SOURCE DATA:

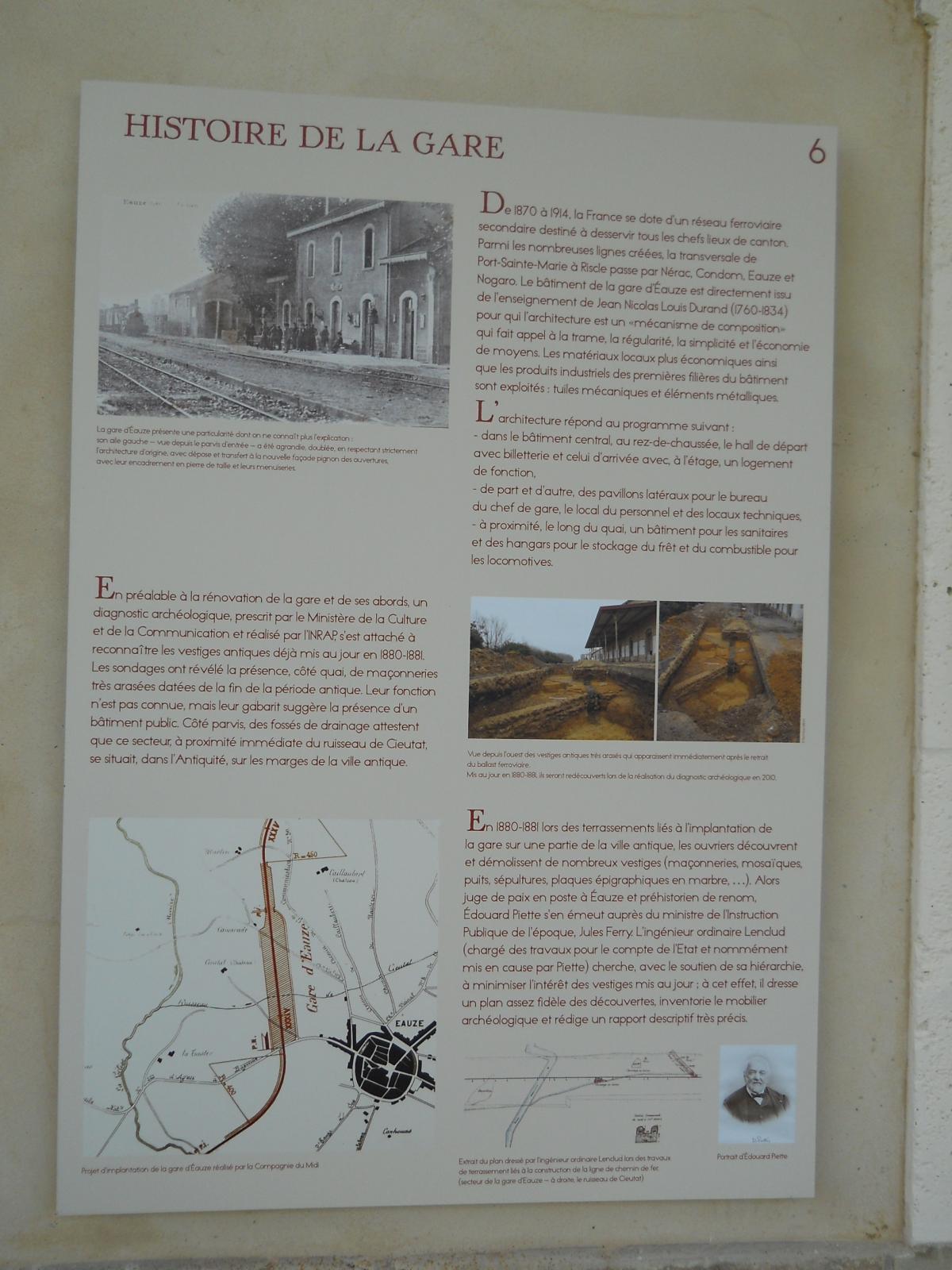 Tout simplement ! Depuis peu (je crois que cela a ouvert cette année), cette gare sert de lieu d'exposition et d'accueil pour la visite, 100 mètres plus loin, des fouilles d'une ancienne villa romaine. La ligne elle-même avait été construite sur des vestiges gallo-romains dont les ingénieurs de la Compagnie du Midi s'étaient efforcés de minimiser l'intérêt archéologique.
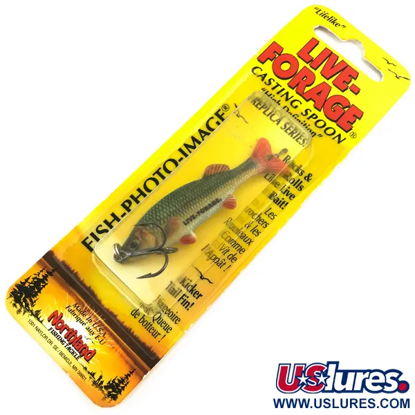 Een zeer gedetailleerde, fotorealistische „regenboogvis”-afwerking kenmerkt dit exemplaar, waarbij gebruik wordt gemaakt van Northlands Fish-Photo-Image-technologie om natuurlijke prooisoorten na te bootsen. Deze lepel van 7 g (1/4 oz) uit de Live Forage Replica-serie is 6 cm (2 1/4") lang en is ontworpen voor het werpen of trollen op vissoorten zoals glasbaars, baars en snoek. Het kunstaas met productcode 5140 heeft een gestempelde messing body die voor een duidelijke schittering zorgt, terwijl een „Kicker Tail Fin” het visuele profiel versterkt. Omdat dit item de staat 6 heeft, is het ongebruikt in de originele blisterverpakking gebleven, waardoor de glow-in-the-dark eigenschappen uit de technische specificaties behouden zijn gebleven. De montage omvat een enkele grote dreg aan de onderkant van de lepel.
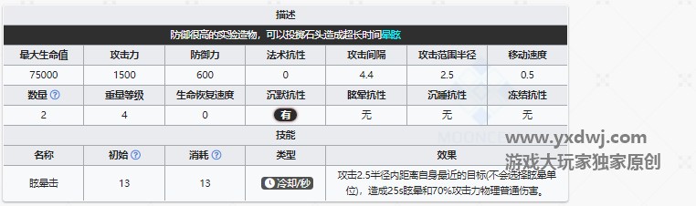 这个石头人进点会扣两点血,然后会对自己的2.5半径范围内最近的敌人扔石头。
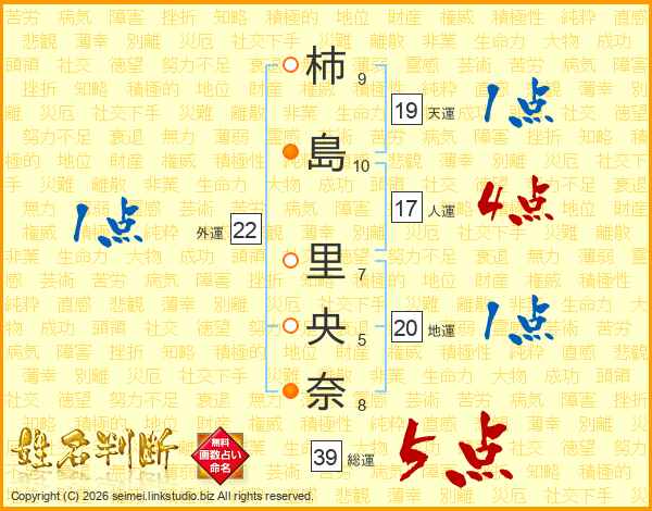 柿(9画)島(10画) 里(7画)央(5画)奈(8画)

PROBLEM DESCRIPTION:
The copy should hold, exactly, the lines from the one containing "这个石头人进点会扣两点血,然后会对自己的2.5半径范围内最近的敌人扔石头。" to the final line of the listing above, with both ends present and no pictures.

RESULT FOR THIS TASK:
 这个石头人进点会扣两点血,然后会对自己的2.5半径范围内最近的敌人扔石头。
 柿(9画)島(10画) 里(7画)央(5画)奈(8画)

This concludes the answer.